Efforts to add sand to the beach in San Clemente have been paused, with the contractor leaving the site following “ongoing sand quality issues” with the $14 million U.S. Army Corps of Engineers replenishment project, according to city and federal officials.
The U.S. Army Corps of Engineers has agreed to allow the contractor, Manson Construction, to delay the project up to 70 days to ensure that quality sand is dredged for finishing the project, according to a joint statement by U.S. Rep. Mike Levin, who represents south Orange County and northern San Diego County, and Mayor Victor Cabral.

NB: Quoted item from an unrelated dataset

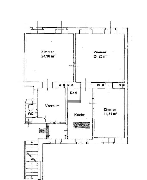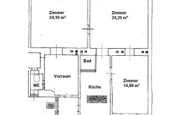 Der Eingangsbereich führt in ein geräumiges Vorzimmer, von dem aus Sie die Küche erreichen. Die 3 Zimmer haben Flächen von etwa 24 m², 24 m² und 14 m², wodurch genügend Platz für Wohn- und Schlafbereiche zur Verfügung steht. Die Räume sind gut belichtet und durchflutet von Tageslicht, was eine angenehme Atmosphäre schafft. Die Küche ist vollausgestattet. Das Badezimmer verfügt über eine Dusche, ein Handwaschbecken und eine zeitlose Verfliesung.

Work is expected to restart in two months with better quality sand. The project’s completion is critical to San Clemente’s residents and economy, and for protecting local infrastructure, including a key rail corridor that runs along the coast in town and is vulnerable to the ocean’s waves without a sand buffer in place, officials said.
The Army Corps of Engineers informed officials on Jan. 13 that Manson Construction had decided to postpone the delivery of material to San Clemente. Now the dredger will return to San Clemente after it finishes a Solana Beach sand replenishment project, officials said.
Manson Construction is also contracted to do a larger $23 million sand replenishment project that will bring an expected 1.1 million cubic yards of sand to north Orange County beaches. That project kicked off in mid-December, just before San Clemente’s project got underway at the end of the month.
While the northern sand replenishment has been performed periodically since the 1960s, San Clemente’s project is being done for the first time using sand from a borrow site off of Oceanside. It is expected to be repeated every five years, for the next 50 years.
The San Clemente project, which has been more than two decades in the making, calls for 251,000 cubic yards of sand to be delivered to the shore between T Street and Linda Lane, including the north and south…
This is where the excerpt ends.